- The Washington Times - Saturday, August 13, 2005

DENVER — When the Washington Nationals were winning, there weren’t a lot of complaints coming out of the clubhouse about playing time. Everyone seemed to get a fair share of at-bats, and if someone didn’t, he didn’t make a big deal out of it.

As the losses have mounted, though, so has the frustration level, particularly among members of the crowded outfield corps.

Brad Wilkerson, in particular, was upset he was not in manager Frank Robinson’s starting lineup last night against the Colorado Rockies. Robinson said he gave Wilkerson the night off to rest his ailing body — he has dealt with a smorgasbord of injuries all season.

“He’s banged up,” Robinson said. “He’s hurting a little bit.”

Wilkerson, though, said he came to Coors Field yesterday ready to play.

“I feel fine,” he said. “I didn’t ask for a day off.”

Wilkerson isn’t the only one upset about a lack of playing time. Fellow outfielder Ryan Church, who didn’t see any action during the last three games in Houston and was out of the lineup again last night, was at a loss for words.

“I don’t know what’s going on,” said the visibly upset Church, a one-time National League rookie of the year candidate who has just 27 at-bats over Washington’s last 16 games.

Robinson fielded a starting outfield (from right to left) last night of Jose Guillen, Preston Wilson and Brandon Watson. Guillen’s presence in the lineup isn’t questioned. Wilson, though, has been struggling since joining the Nationals last month. He entered last night’s game with a .226 average, four homers and 11 RBI in 24 games, plus 33 strikeouts in 84 at-bats.

Robinson gave Wilson the nod in center field last night in part because of his track record at Coors Field, where he hit .281 with 10 homers and 34 RBI earlier this season while playing for the Rockies.

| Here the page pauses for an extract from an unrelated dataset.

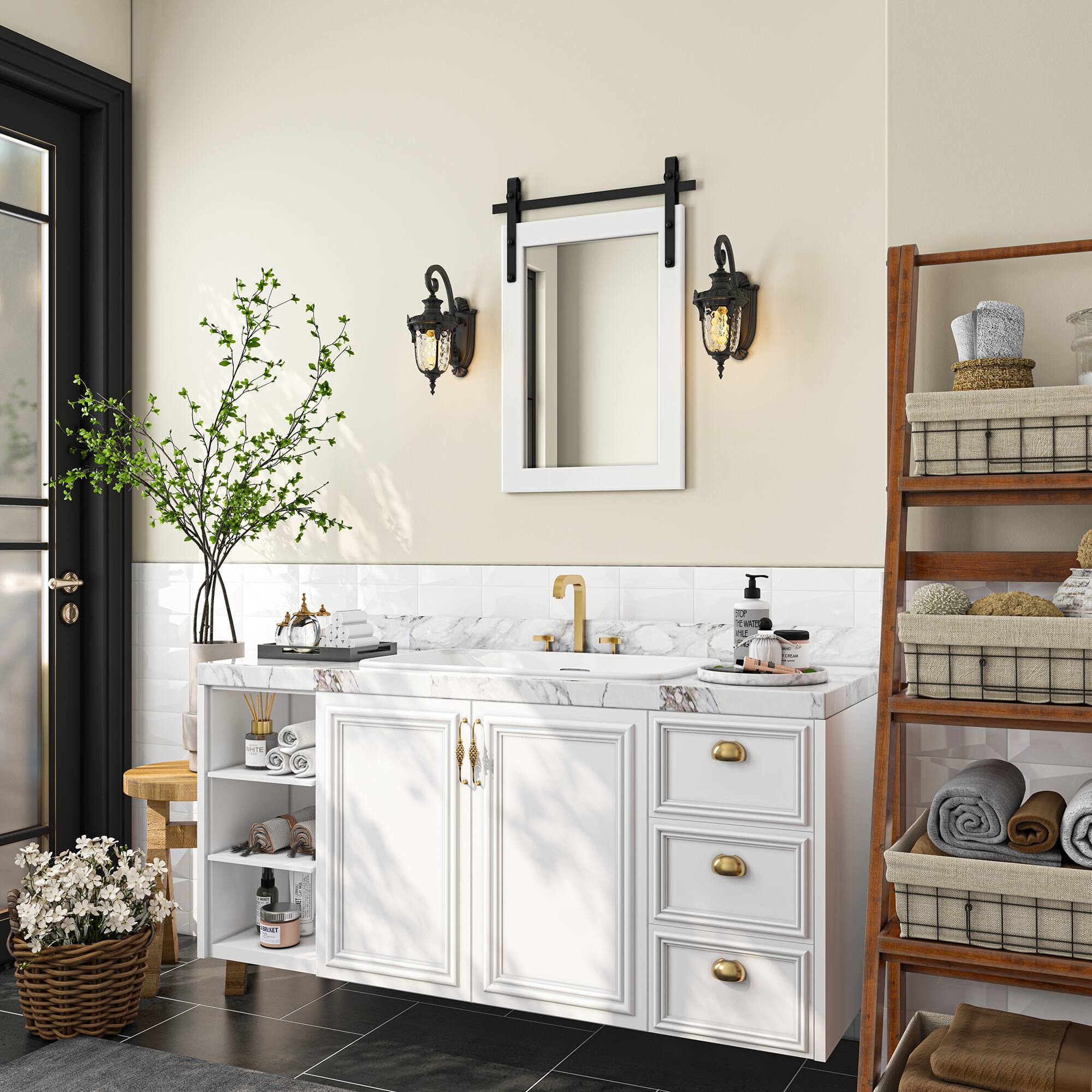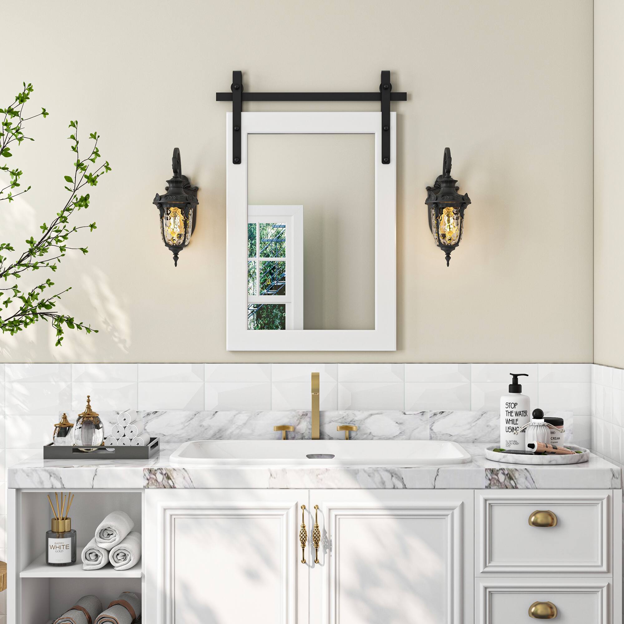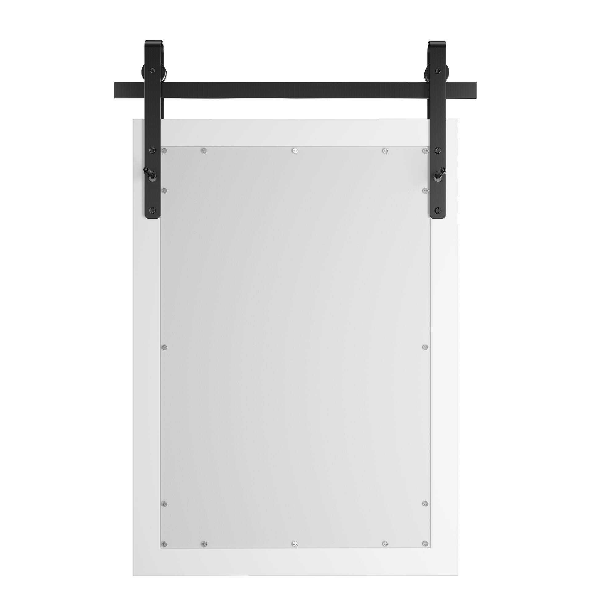 - A:Answer The mirror has a heavy-duty wooden frame designed in a barn door style.

And since Watson’s promotion from Class AAA New Orleans earlier this week, Robinson has felt the need to give the newcomer as many at-bats as possible to see whether he can spark the Nationals’ stagnant offense.

All of which comes at the expense of players like Church and Wilkerson. The latter likely will return to the lineup tonight, Robinson said.

“One day off is not going to hurt him,” he said. “Earlier in the year, yeah, let him play [when he says he’s not hurt]. But right now I don’t pay attention to it.”

Castilla plugs along

Perhaps no member of the Nationals is trying to play through more pain than third baseman Vinny Castilla, who has had tendinitis in his left knee most of the season yet has taken only a handful of days off.

Castilla has looked particularly hobbled in recent days, whether in the batter’s box, on the bases or in the field.

“When it hurts a lot, it affects me big time,” he said yesterday. “I can’t put my weight down [on my left leg]. I can’t drive the ball anymore like I did.”

Despite the way he limps around the field, Castilla has managed to maintain a fairly high level of play defensively. Robinson said he could think of only one play in the last few weeks when he thought Castilla’s bad knee prevented him from fielding a ball.

“It bothers him all the time, but he makes the plays,” Robinson said. “That’s the reason he’s still out there, really.”

Castilla, who received a warm welcome from fans in Colorado, where he played most of his career, said he is determined not to succumb to his injury.

“Surgery is not an option. There’s not a guarantee it’s going to heal,” he said. “But I can play through it, and I want to.”

Extra bases

Shortstop Cristian Guzman returned to the lineup after missing two games with an abscess in one of his lower right molars. Team doctors have been able to ease the pain with medication, but he eventually will need a root canal. …

The Nationals’ eight home runs during their just-completed series in Houston were the most the franchise has hit in three consecutive games since June 28-30, 2004. Washington entered last night’s game having hit 12 homers in August, just one shy of its July total.